■ Work order
Below are the records; repeat exactly their lines between the line holding "2024年,中国货色进出口持" and the line holding "Слайд 25Например желтое", inclusive, skipping the pictures.

Top of Source records

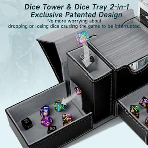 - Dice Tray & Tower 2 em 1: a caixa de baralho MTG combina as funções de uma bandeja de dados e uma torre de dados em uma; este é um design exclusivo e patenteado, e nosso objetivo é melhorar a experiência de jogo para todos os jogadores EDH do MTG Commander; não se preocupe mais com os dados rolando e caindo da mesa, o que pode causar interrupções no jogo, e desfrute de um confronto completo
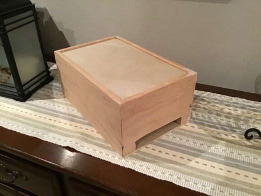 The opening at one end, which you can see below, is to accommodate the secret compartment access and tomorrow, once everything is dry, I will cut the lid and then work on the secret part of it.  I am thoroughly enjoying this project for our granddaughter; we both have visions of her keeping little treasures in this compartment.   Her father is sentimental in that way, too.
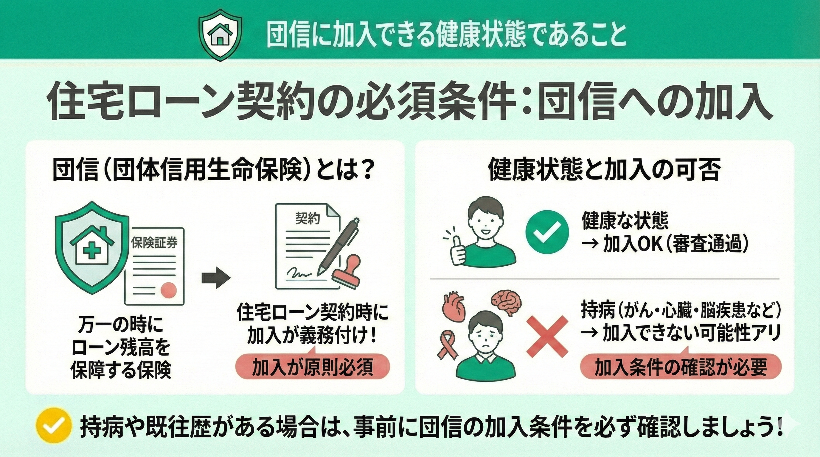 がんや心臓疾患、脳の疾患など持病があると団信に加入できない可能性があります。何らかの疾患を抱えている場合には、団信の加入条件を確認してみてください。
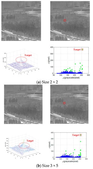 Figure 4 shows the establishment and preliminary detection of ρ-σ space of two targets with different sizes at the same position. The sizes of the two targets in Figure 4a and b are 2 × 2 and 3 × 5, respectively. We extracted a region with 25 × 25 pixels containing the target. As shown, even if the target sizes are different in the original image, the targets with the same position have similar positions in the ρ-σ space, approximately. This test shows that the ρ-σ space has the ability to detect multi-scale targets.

Bottom of Source records
Top of Source records

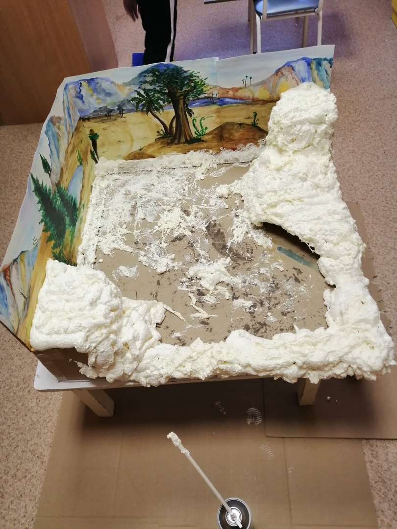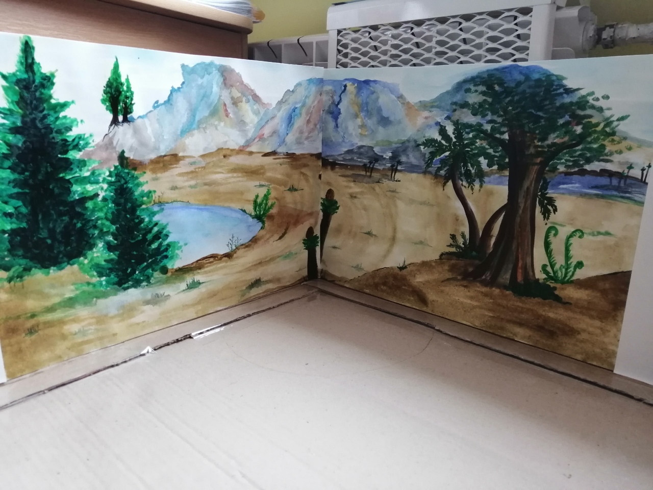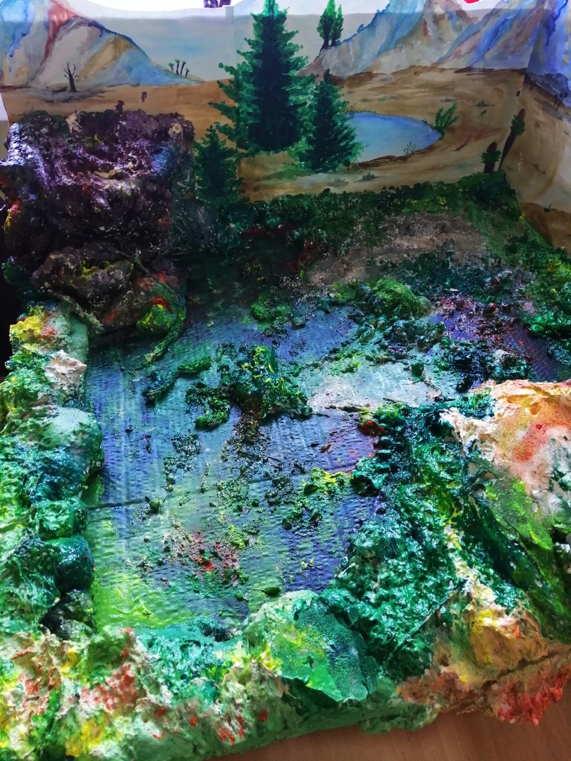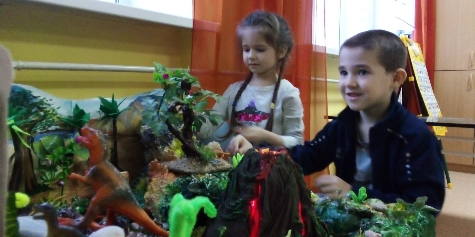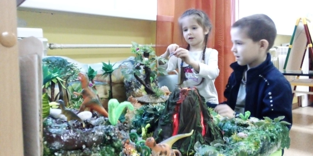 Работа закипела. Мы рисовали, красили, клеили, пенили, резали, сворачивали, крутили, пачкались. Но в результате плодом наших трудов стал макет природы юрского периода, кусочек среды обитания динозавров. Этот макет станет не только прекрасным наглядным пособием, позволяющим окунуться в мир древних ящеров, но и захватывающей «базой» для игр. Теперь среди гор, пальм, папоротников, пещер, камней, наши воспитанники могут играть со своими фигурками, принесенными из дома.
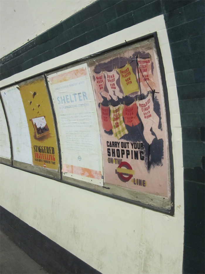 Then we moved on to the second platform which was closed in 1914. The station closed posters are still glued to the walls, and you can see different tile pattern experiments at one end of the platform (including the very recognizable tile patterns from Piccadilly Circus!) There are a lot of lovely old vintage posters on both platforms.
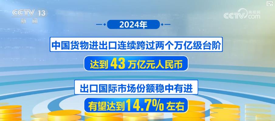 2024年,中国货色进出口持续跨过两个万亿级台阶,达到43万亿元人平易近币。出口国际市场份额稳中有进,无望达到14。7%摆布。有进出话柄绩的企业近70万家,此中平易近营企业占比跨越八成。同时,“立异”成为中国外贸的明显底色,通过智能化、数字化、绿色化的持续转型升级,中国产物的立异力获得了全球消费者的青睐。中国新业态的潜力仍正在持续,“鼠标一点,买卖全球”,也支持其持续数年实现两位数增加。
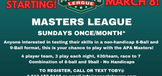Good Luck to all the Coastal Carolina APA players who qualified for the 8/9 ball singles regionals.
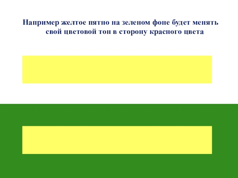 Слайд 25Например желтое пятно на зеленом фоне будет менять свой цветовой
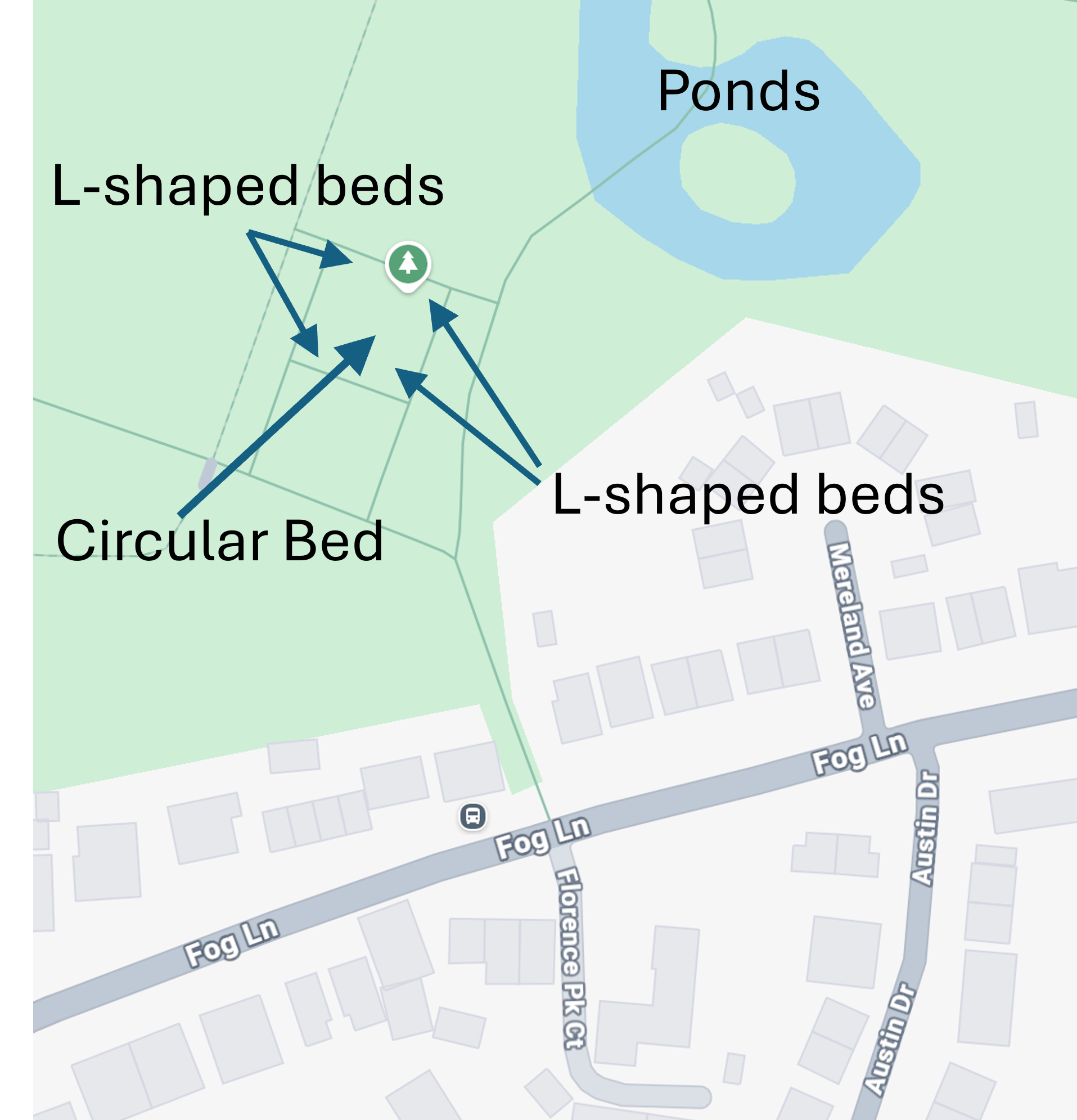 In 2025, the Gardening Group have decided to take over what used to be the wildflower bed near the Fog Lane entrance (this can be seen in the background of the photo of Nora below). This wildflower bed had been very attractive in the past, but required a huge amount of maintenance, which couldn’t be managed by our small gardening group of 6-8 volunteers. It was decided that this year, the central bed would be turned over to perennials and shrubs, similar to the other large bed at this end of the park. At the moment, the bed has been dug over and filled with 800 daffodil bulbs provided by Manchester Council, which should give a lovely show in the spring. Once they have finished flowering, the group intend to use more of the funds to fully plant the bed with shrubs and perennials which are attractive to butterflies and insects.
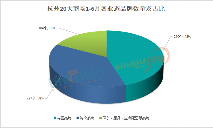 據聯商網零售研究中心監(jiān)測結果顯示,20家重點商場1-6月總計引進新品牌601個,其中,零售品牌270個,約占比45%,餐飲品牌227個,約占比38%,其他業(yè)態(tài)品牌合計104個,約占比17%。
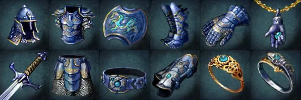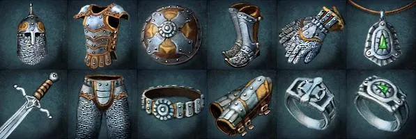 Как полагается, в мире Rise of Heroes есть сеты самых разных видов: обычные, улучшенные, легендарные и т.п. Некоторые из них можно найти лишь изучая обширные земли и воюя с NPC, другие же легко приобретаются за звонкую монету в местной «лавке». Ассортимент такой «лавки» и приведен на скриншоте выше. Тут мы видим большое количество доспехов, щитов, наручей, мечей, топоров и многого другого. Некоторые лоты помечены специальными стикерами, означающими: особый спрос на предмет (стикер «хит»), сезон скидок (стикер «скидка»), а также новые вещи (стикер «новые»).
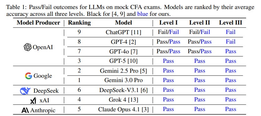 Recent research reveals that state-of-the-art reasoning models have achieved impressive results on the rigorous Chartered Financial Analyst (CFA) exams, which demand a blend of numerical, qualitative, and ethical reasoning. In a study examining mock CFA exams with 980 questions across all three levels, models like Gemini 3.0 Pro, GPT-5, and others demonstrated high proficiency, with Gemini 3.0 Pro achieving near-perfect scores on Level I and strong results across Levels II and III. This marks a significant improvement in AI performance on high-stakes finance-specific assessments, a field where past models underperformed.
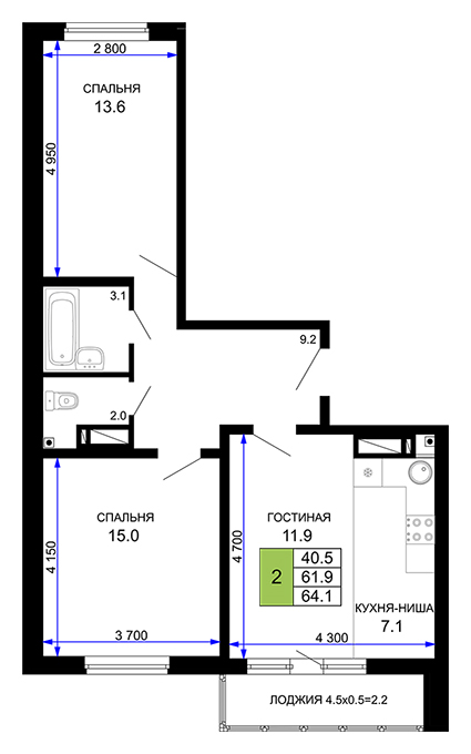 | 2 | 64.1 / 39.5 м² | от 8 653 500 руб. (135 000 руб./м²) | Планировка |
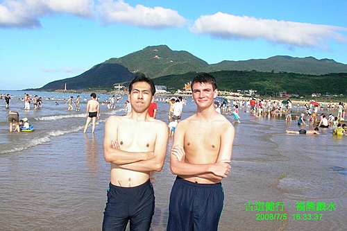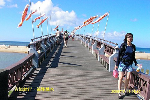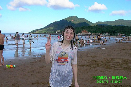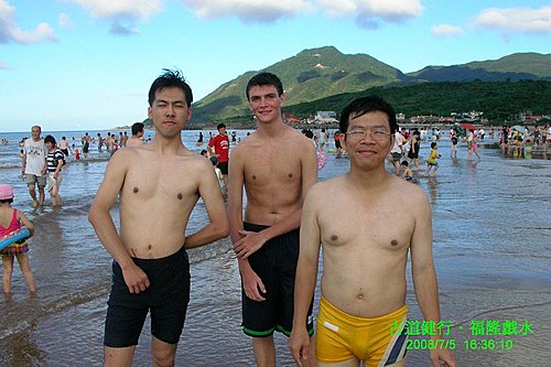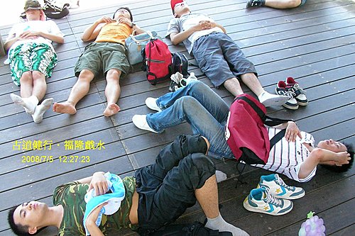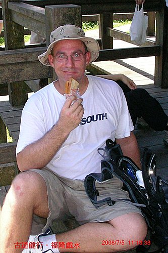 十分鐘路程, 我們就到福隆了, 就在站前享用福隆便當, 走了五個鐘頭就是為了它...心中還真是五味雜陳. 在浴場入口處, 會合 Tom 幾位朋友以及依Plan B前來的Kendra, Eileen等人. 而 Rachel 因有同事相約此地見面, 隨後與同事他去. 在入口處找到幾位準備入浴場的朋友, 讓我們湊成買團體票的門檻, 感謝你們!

Bottom of Source records

■ Result
 2024年,中国货色进出口持续跨过两个万亿级台阶,达到43万亿元人平易近币。出口国际市场份额稳中有进,无望达到14。7%摆布。有进出话柄绩的企业近70万家,此中平易近营企业占比跨越八成。同时,“立异”成为中国外贸的明显底色,通过智能化、数字化、绿色化的持续转型升级,中国产物的立异力获得了全球消费者的青睐。中国新业态的潜力仍正在持续,“鼠标一点,买卖全球”,也支持其持续数年实现两位数增加。
Good Luck to all the Coastal Carolina APA players who qualified for the 8/9 ball singles regionals.
 Слайд 25Например желтое пятно на зеленом фоне будет менять свой цветовой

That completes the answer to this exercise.